Diese gespeicherte Prozedur verwenden, müssen der Verleger und alle Abonnenten SQL Server 7.0 SP4 ausgeführt werden wird. Nur Mitglieder der Gruppe Sysadmin können diese gespeicherte Prozedur verwenden. Um Seriendruck Metadaten zu bereinigen, führen Sie die gespeicherte Systemprozedur Sp_mergecleanupmetadata aus . Diese gespeicherte Prozedur bereinigt alle Seriendruck-Metadaten in den Systemtabellen MSmerge_contents und MSmerge_tombstone .

Hinweis: Keine @ Tablename Parameter vorhanden ist, beschränkt auf eine angegebene Tabelle bereinigen. Dies wurde falsch für Service Packs 2 und 3 dokumentiert.

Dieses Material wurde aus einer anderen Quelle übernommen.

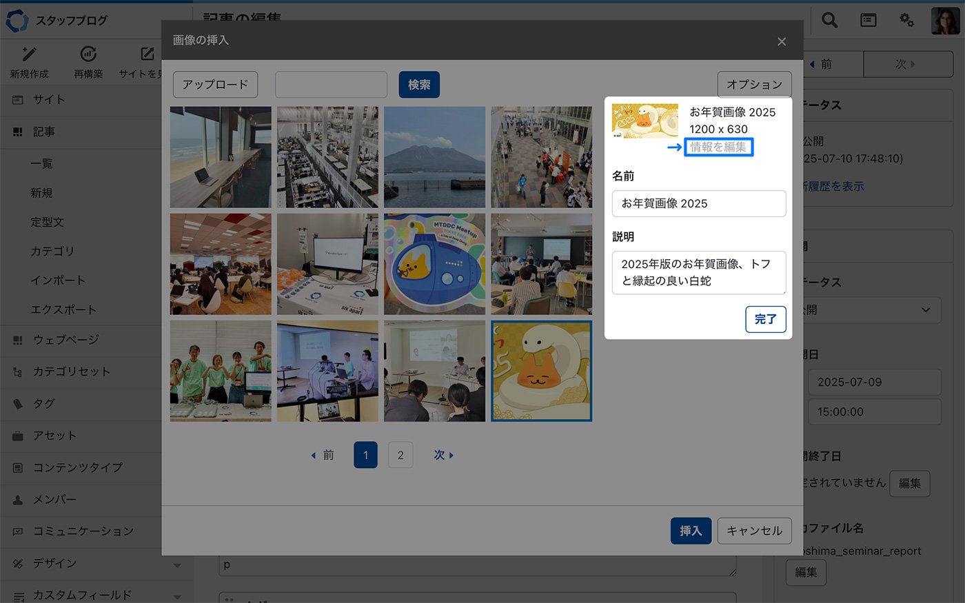 画像挿入ウィンドウを開くとサムネイル画像の一覧を表示するように改善しました。視覚的に画像を確認しながら目的の画像アセットを素早く選択できるため、記事作成時の画像挿入作業がスムーズになります。

Änderungen an den Datenbankkomponenten

SQL Server 7.0 SP4 führt verschiedene Änderungen an der die Datenbankkomponenten.
Neue Datenbankoption
in Servicepack 2 eingeführt wurde

SQL Server 7.0 SP2 wurde eine neue ausstehende Aktualisierung Datenbankoption zur Unterstützung von Funktionen, die eingeführt werden in einer zukünftigen Version von SQL Server eingeführt. Sie können diese Funktionalität in einigen Szenarios Migration verwenden, wenn Sie SQL Server 7.0 SP2 oder höher auf SQL Server 2000 oder höher aktualisieren. Vollständige Anweisungen zur Verwendung dieser Option werden in der zukünftigen Version von SQL Server-Dokumentation enthalten sein.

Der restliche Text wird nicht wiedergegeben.